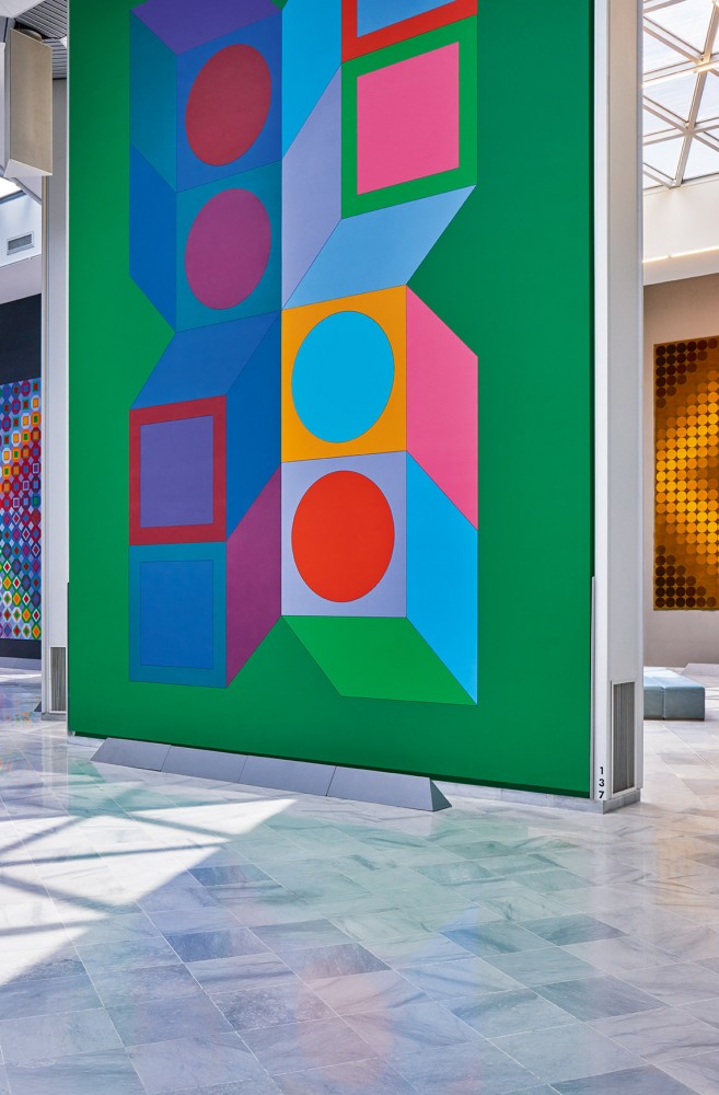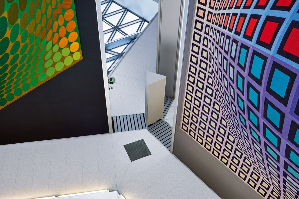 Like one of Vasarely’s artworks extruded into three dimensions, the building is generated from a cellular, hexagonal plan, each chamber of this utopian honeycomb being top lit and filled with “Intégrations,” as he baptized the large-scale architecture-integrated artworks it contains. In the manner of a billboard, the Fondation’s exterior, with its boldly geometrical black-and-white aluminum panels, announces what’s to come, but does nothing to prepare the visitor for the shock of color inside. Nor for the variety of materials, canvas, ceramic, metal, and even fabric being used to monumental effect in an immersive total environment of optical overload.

- - -

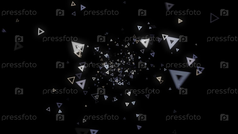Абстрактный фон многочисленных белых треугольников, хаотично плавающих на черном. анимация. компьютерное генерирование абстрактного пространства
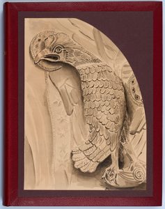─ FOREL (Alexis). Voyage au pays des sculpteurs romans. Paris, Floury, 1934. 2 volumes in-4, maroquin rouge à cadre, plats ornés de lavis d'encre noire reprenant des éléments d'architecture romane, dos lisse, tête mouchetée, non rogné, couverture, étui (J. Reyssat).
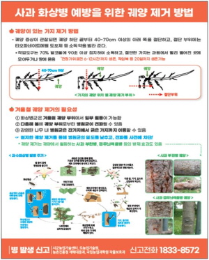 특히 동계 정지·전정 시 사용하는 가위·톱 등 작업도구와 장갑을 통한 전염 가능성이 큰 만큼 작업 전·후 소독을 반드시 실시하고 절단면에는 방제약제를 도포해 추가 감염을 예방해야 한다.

- - -

» **What is needed**:
Using the records above, repeat exactly the run of lines that starts with the line with "étui (J. Reyssat)." and goes on through the line with "특히 동계 정지·전정"; omit each picture.

» **Solution for this problem**:
─ FOREL (Alexis). Voyage au pays des sculpteurs romans. Paris, Floury, 1934. 2 volumes in-4, maroquin rouge à cadre, plats ornés de lavis d'encre noire reprenant des éléments d'architecture romane, dos lisse, tête mouchetée, non rogné, couverture, étui (J. Reyssat).
 특히 동계 정지·전정 시 사용하는 가위·톱 등 작업도구와 장갑을 통한 전염 가능성이 큰 만큼 작업 전·후 소독을 반드시 실시하고 절단면에는 방제약제를 도포해 추가 감염을 예방해야 한다.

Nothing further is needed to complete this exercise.